Xi Jinping's real answer to the Trans-Pacific Partnership.
- By Min YeYe Min is an assistant professor of international relations at Boston University.
As Beijing hosts this year’s Asia-Pacific Economic Cooperation (APEC) forum slated to run through Nov. 11, the United States and China are locked in behind-the-scenes competition over free trade agreements. The United States is promoting the Trans-Pacific Partnership (TPP), a massive free trade agreement including 12 nations but excluding China. Beijing, in a move many see as a push against the U.S. rebalance to Asia, hopes to garner support for the Free Trade Area of the Asia-Pacific (FTAAP), a less sweeping agreement that would include China.
But the modest FTAAP isn’t China’s real answer to the immense TTP and its candid support of market liberalization and minimal government interference. Instead, it’s the "New Silk Road strategy," a sprawling set of trade and infrastructure agreements proposed by Chinese President Xi Jinping, which aims to foster free trade — and bolster Chinese soft power — with China’s neighbors to the west and southeast. The plan, a reference to the trade route connecting China to Europe via Central Asia in the seventh to tenth centuries, aspires to deepen linkages between China and its neighbors via trade, investment, energy, infrastructure, and internationalization of China’s currency, the renminbi. On Nov. 8, Chinese President Xi Jinping announced the establishment of a $40 billion Silk Road infrastructure fund, focusing on building "roads, railways, ports and airports across Central Asia and South Asia," according to Reuters.

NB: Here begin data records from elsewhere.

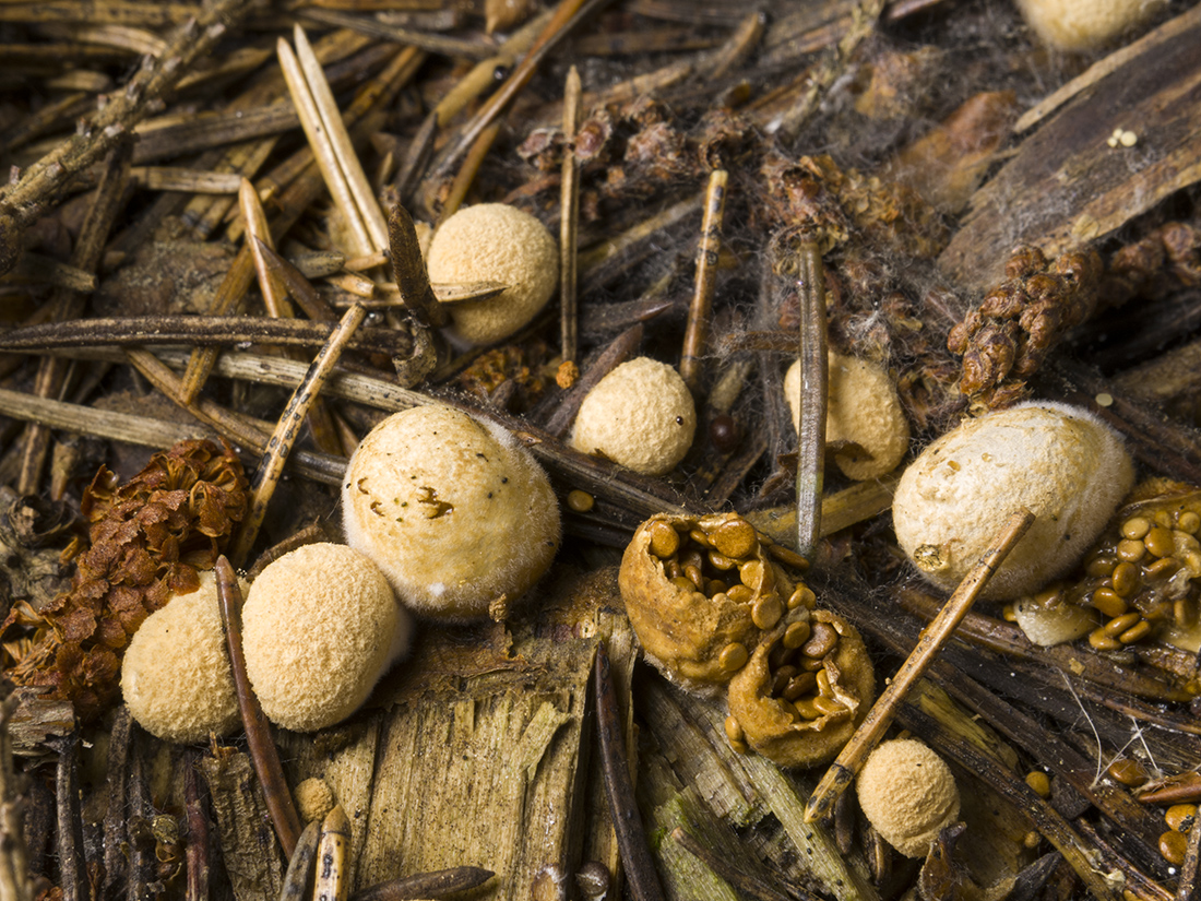 Среди обычных (гладких и полосатых) грибов-бокальчиков заметил каких-то ранее мне не встречавшихся. Они похожи на маленькие грибы-дождевики. За исключением того, что внутри споры как таблетки, характерные для бокальчиков. Интересно было бы узнать что это за грибы.
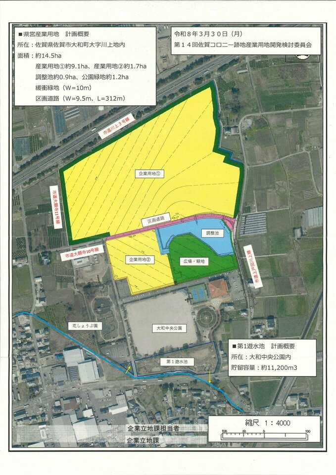 佐賀コロニー跡地の産業用地開発については、川上校区において検討委員会(委員16名)を設置し、令和2年6月より令和8年3月までの間14回にわたり、県および市の関係部署と検討と議論を重ねてまいりました。このたび無事に造成工事が完成の運びとなり、今後産業用地が地域の発展と活性化に寄与し、より良いまちづくりにつながることを期待されています。また、検討委員会代表の辻日出生様のこれまでのご尽力に深く感謝申し上げたいと思います。
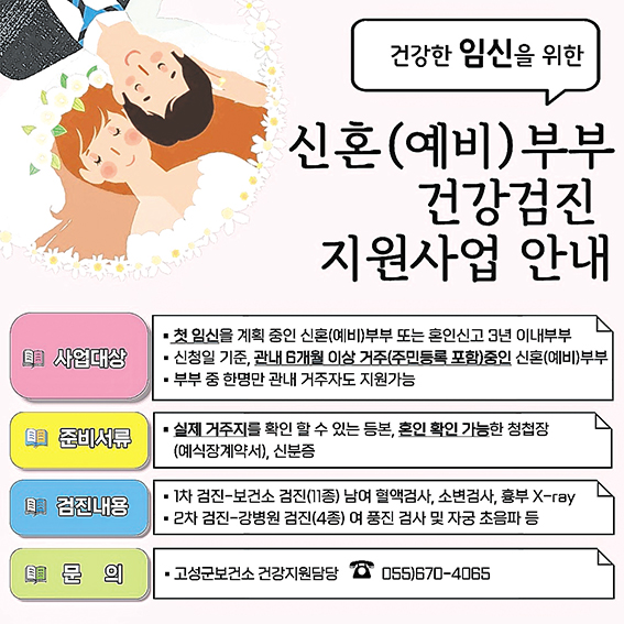 고성군은 첫 임신을 계획하는 신혼부부와 예비부부를 대상으로 무료 건강검진을 지원하고 있다. 2021년 7월부터 혼인신고 3년 이내 부부 또는 예비부부를 대상으로 운영해 왔다. 신청일 기준 6개월 전부터 부부 중 한 명 이상이 고성군에 주민등록을 두고 실제 거주하면 지원받을 수 있다. 주민등록등본과 혼인 사실을 확인할 수 있는 청첩장이나 예식장 계약서, 신분증을 지참해 보건소를 방문하면 된다. 검진은 1차와 2차로 나눠 진행한다. 1차는 고성군보건소에서 부부를 대상으로 혈액검사 등 11개 항목을 검사한다. 2차는 관내 산부인과 강병원에서 여성을 대상으로 풍진검사와 자궁 초음파 등 4개 항목을 추가로 진행한다. 이을희 보건소장은 “임신 전 필수검사를 통해 난임과 유산 위험 요인을 미리 확인하고 관리하도록 돕겠다”며 “건강한 임신과 출산을 지원하는 데 힘쓰겠다”고 말했다. 자세한 사항은 고성군보건소 건강증진과(670-4065)로 문의하면 된다.
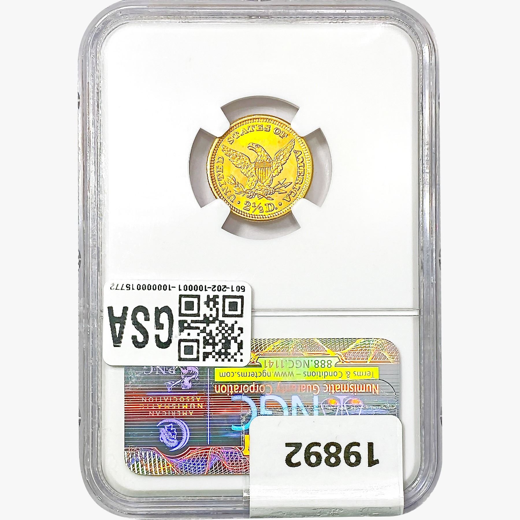 e. Coins sold referencing a third-party grading service are sold “AS IS” without any express or implied warranty, except for a guarantee by GSA that they are genuine. Removal or alteration of the holder, voids all of Bidder’s claims concerning that Product. Certain warranties may be available from the grading services and Bidders are referred to them for further details: Numismatic Guaranty Corporation (NGC), PO Box 4776, Sarasota, FL 34230, www.ngccoin.com/services/writtenguarantee.asp; Professional Coin Grading Services (PCGS), PO Box 9458, Newport Beach, CA 92658, www.pcgs.com/guarantee.html; ANACS, 6555 S. Kenton St., Ste. 303, Englewood, CO 80111; and Independent Coin Grading Co. (ICG), 7901 East Bellview, Ave., Suite 50, Englewood, CO 80111.

The Silk Road strategy’s ambitious vision aligns with Beijing’s goals much more closely than the TPP, which is a reflection of the U.S. international trade model writ large. The TPP’s proponents see it as a new vision for free trade and market liberalization around the world. It would integrate the U.S. economy with Asia to a degree heretofore unseen, providing a backbone for the oft-criticized U.S. rebalance to Asia. In doing so, it would set higher standards for doing business, with clauses intended to protect both the rights of workers and the environment. It may even become more inclusive and authoritative than the World Trade Organization (WTO), a U.S.-shaped body that currently sets the norms for international trade. The WTO is silent on certain hot-button issues like subsidies to the agricultural sector, manufacturing of parts and components, trade in services, and intellectual property rights protections. The TPP would cover all of these.
Washington insiders had believed the TPP would lead to one of two responses from China, both advantageous to U.S. interests: the TPP’s stringent labor and environmental standards would repel China, freezing itself out of a massive and advantageous trading block in its own backyard. Or, China would clamor to join, and in the process — like in the years leading up to its 2001 ascension into the WTO — become a more economically open nation. Meanwhile, in Asian capitals outside Beijing, there is widespread hope that the TPP would make China more supportive of other regional negotiations, and thus more likely to show restraint in its many territorial disputes with its neighbors.
But there is little evidence that China would adhere to any of these expectations. And why should it? The Silk Road strategy is a far better fit for Beijing than the TPP. With the TPP, the United States emphasizes high standards in market liberalization and openness. China’s Silk Road strategy has no "standards," except for a vague idea of mutual interest and mutual respect. The TPP seeks to reduce the roles of governments in market operations and to restrict the importance of state-owned enterprises (SOEs) in the economies of its members. The Silk Road plan, in contrast, relies on top-level government coordination, and would enhance the power of large SOEs and governments. The TPP focuses on services, intellectual property rights, and domestic regulations. The Silk Road strategy aims to facilitate large-scale infrastructure construction, energy sale and transport, and relocation of manufacturing industries.
It’s not only that the Silk Road plan is a better fit for China. Leading Chinese political thinkers also see the TPP as an enterprise with the potential to weaken China economically and politically — a strategy "to contain China" and to "change or overturn existing institutions in Asia-Pacific and the world," observed Chinese economics scholar Gu Guoda at Zhejiang University in a recent article in the party journal Probe. And the chairman of the APEC-affiliated China National Committee for Pacific Economic Cooperation Council Tang Guoqiang wrote in an early 2014 article in the Chinese journal International Studies that the United States acted as "a selfish hegemon" in the TPP. Some also believe that the changes required by the TPP negotiations — terms on SOEs, labor, environment, digital economy, and supply chain manufacturing — are a potential threat to China’s current political and social systems.
As China embraces its role as an expanding world power, under Xi’s leadership it increasingly seeks to establish itself as an economic and institutional equal to the United States. The FTAAP cannot fulfill this vision. This year’s APEC may seem to present a dramatic push-and-pull between Obama’s TPP and Xi’s FTAAP, but for the real battle for influence over global trade, look to China’s new Silk Road strategy.